Вы бы знали, как я ценю, что он не произносит мерзкого слова «измена». От него ведь воротит! И дико ранит. Дедуля обходит острый угол стратегически правильно, и это меня больше располагает.

- Думаешь, что мне надо его простить?

- Думаю, что о прощении еще рано говорить, а вот о шансе…Иногда нужно дать еще один шанс, чтобы потом не жалеть. Но только один! Ошибиться каждый может, только вот два раза — это уже система. В конце концов, если не выйдет у вас ничего, ты это переживешь.
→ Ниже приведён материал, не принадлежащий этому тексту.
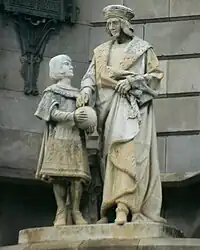 | Jaume Ferrer de Blanes | Francesc Pagès | Piedra caliza | 3,10 x 1,85 x 1,23 | Jaume Ferrer de Blanes fue diplomático, cosmógrafo y escritor, y elaboró un nuevo mapa del mundo después del descubrimiento de América. Aparece de pie vestido con los ropajes de la época, con unos pergaminos en la mano izquierda, mientras que con la derecha señala un globo terráqueo que sostiene un paje a su lado. Esta escultura fue restaurada en 1965 por Josep Miret.[19] | ![]() |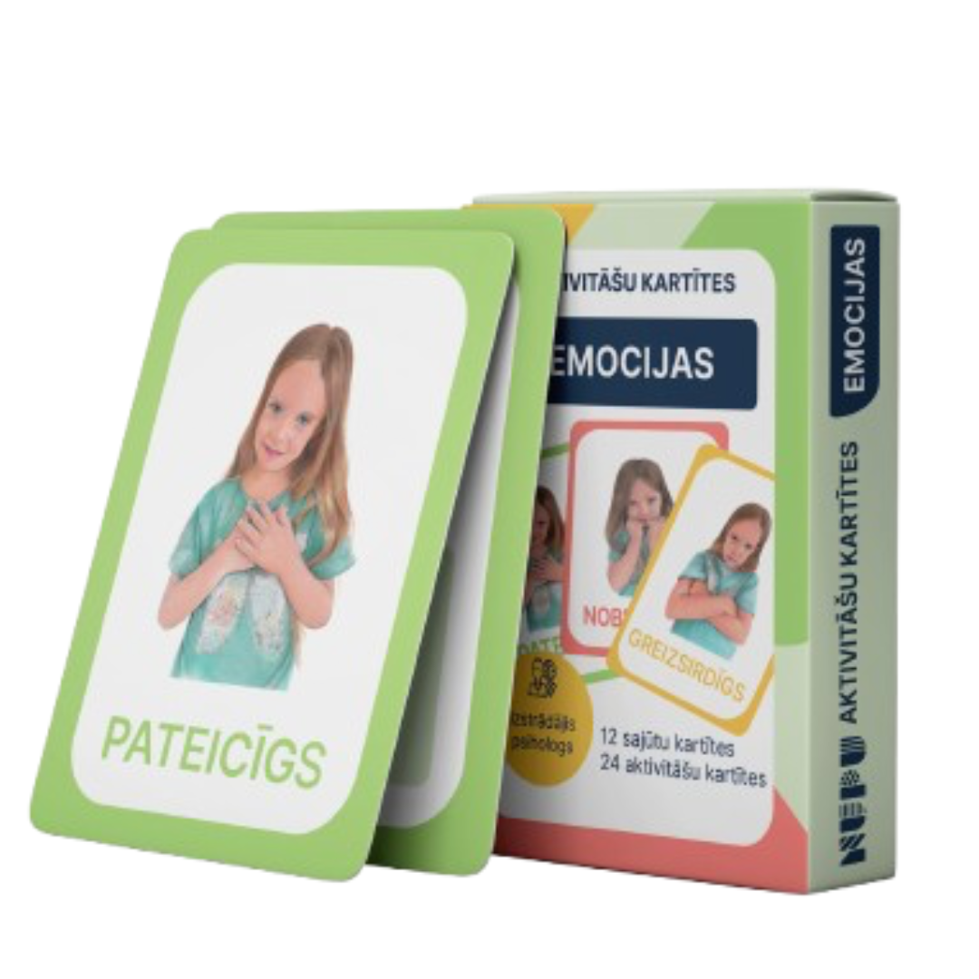 Aktivitāšu kartītes palīdz tikt galā ar emocijām. Katrā kartītē ir aktivitātes nosaukums, ilustratīvs zīmējums un instrukcijas.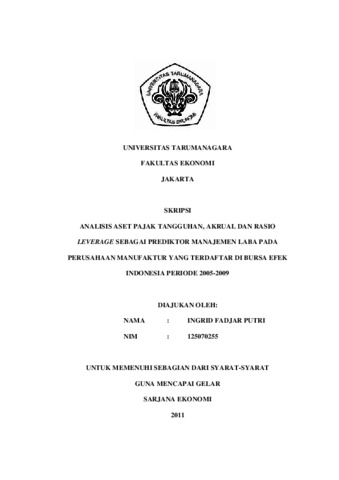 Putri, Ingrid Fadjar (2011) ANALISIS ASET PAJAK TANGGUHAN, AKRUAL DAN RASIO LEVERAGE SEBAGAI PREDIKTOR MANAJEMEN LABA PADA PERUSAHAAN MANUFAKTUR YANG TERDAFTAR DI BURSA EFEK INDONESIA PERIODE 2005-2009. Skripsi thesis, Universitas Tarumanagara.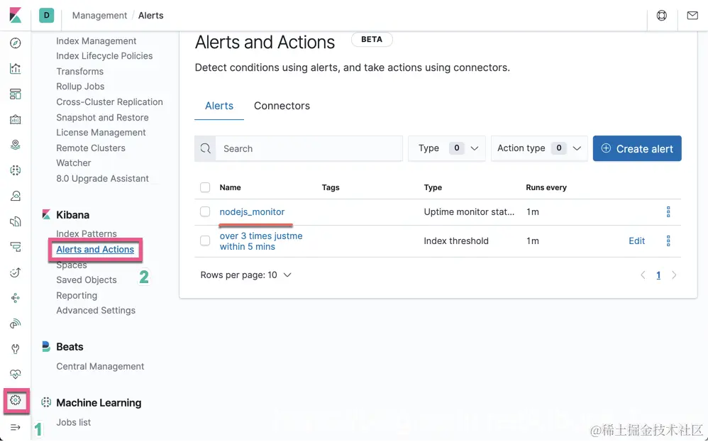 这样我们就创建了我们的 Uptime Alert。我们可以到 Alerts and Actions 里进行查看: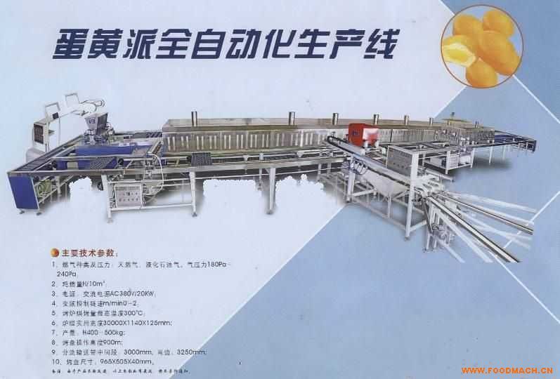 蛋黃派生產(chǎn)線--包括打蛋機、成型機、隧道烤箱、柱心機、紫紅外線殺菌線。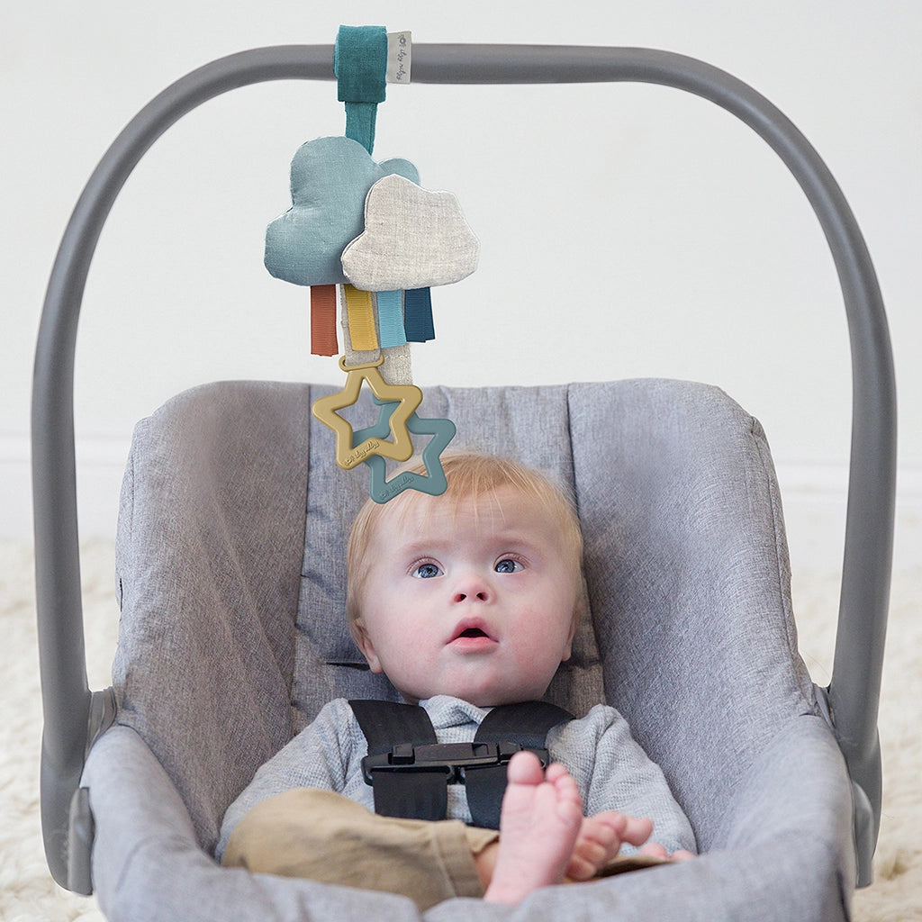 Our Cloud Travel Toy is the playful pick-me-up your babe can’t resist! Sensory design in mind, this toy is crafted with soft natural cotton & features a jingle ball inside to envelop baby with its gentle sound. Easily fasten it onto a car seat, stroller, or activity gym for adventures ahead!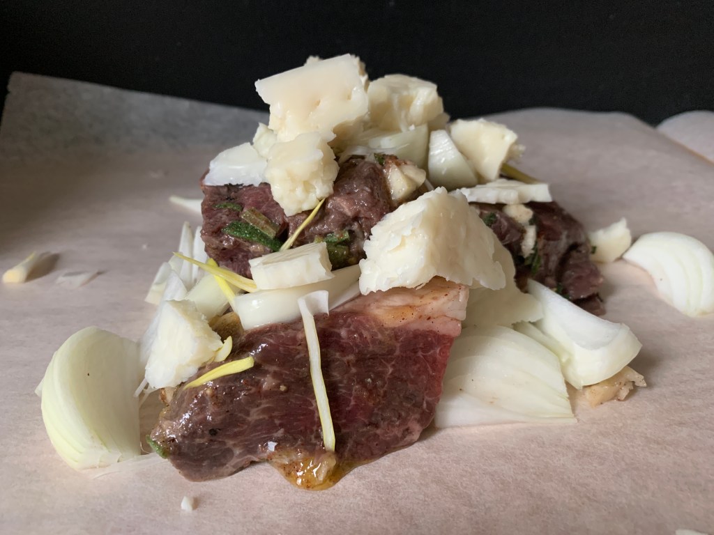 Nelisen tuntia ennen ruoka-aikaa aloita paistaminen. Lämmitä uuni 170 asteeseen. Kääri muutama lihanpala, vähän pilkottua sipulia ja kefalotirijuustoa aina yhteen voipaperikääröön. Voit myös lisätä perunoita jos haluat. Käytä kiinteitä perunoita ja laita ne käärön alimmaiseksi.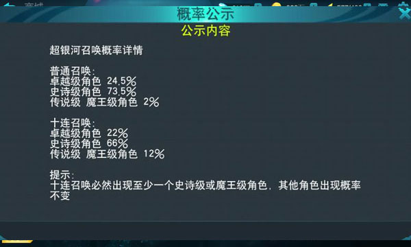 而超银河召唤奖励就比普通银河召唤奖励高了很多,在超银河召唤之中小伙伴们最高可以获得传说级和魔王级英雄,超银河召唤也是分为单次召唤和十连召唤两种,其中单次召唤传说级和魔王级获得几率是2%,十连召唤的传说级和魔王级召唤几率则变成12%,而十连召唤则会必然出现一个至少一个史诗级或魔王级英雄!无论是银河召唤还是超银河召唤都是拥有免费几率的,银河召唤每天可以召唤一次,超银河召唤则需要很长时间等待才能进行刷新!

Сильнее только станешь, принцесса, зато навсегда поймешь, что не твое. А так всю жизнь метаться будешь…

Он дарит мне нежную улыбку и разворачивается, чтобы уйти, потому что разговор окончен. Это максимум, наверно, его личный Эндшпиль, но я все равно бросаю вслед:

- Спасибо тебе большое за совет. Если можно, я еще буду обращаться?

Чтобы знал. Это я тоже хорошо выучила: всегда говорите своим дорогим людям такие простые слова благодарности, чтобы они знали, как много для тебя значат, и как ты ценишь все то, что они для тебя делают.

Иногда ведь можно просто не успеть…

Дедушка на миг замирает, и я чувствую улыбку в его голосе, когда он мне отвечает:

- Конечно, принцесса. Ты всегда знаешь, где меня найти.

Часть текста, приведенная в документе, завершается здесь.